Now, two interns from the University of Connecticut’s five-year integrated bachelor’s and master’s program in the Neag School of Education are building on the school’s history of recycling efforts to include nature and the environment in regular classroom curriculum. The interns are working to earn their master’s in elementary education and have been working with teachers at Southeast since the start of the school year.
“Environmental education is a key thing,” said Liz Kloeblen, one of the interns. “It’s something I want to include into my own classroom. It provides students with a more well-rounded education.” She and Danielle Smith are working with the teachers and Principal Norma Fisher-Doiron at Southeast in “making the environment and the outdoors an interdisciplinary topic,” Kloeblen said.
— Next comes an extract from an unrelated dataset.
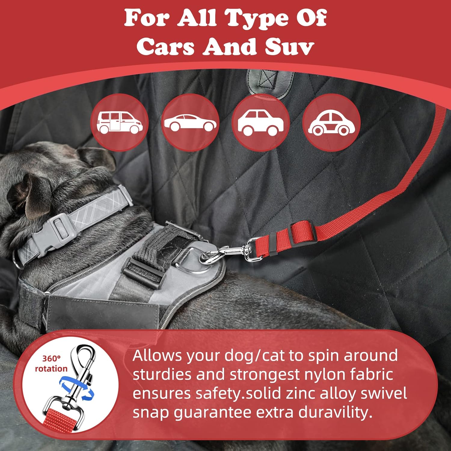 - HIGH QUALITY: Made of high quality nylon fabric to ensure safety, features the solid zinc alloy swivel snap and quality buckles, the pet car seat belt ensures the most safest traveling for your pet, and provides a most relaxing driving experience for you.

They are working with the 245 students from pre-K to fourth grade to use the environment to help teach subjects such as math and poetry. Kloeblen said a class collected leaves outside and wrote poems about them. Fisher-Doiron said the school became the first “green” elementary school in the state in 1997. It also earned the green flag award for recycling in 2001, and they are hoping to earn the award in other areas as well. She said the students can take what they have been learning since they entered the school and bring it with them wherever they go. “It’s the science, it’s the everyday living that we continue to do, and it’s our interns that make it possible for us,” Fisher-Doiron said.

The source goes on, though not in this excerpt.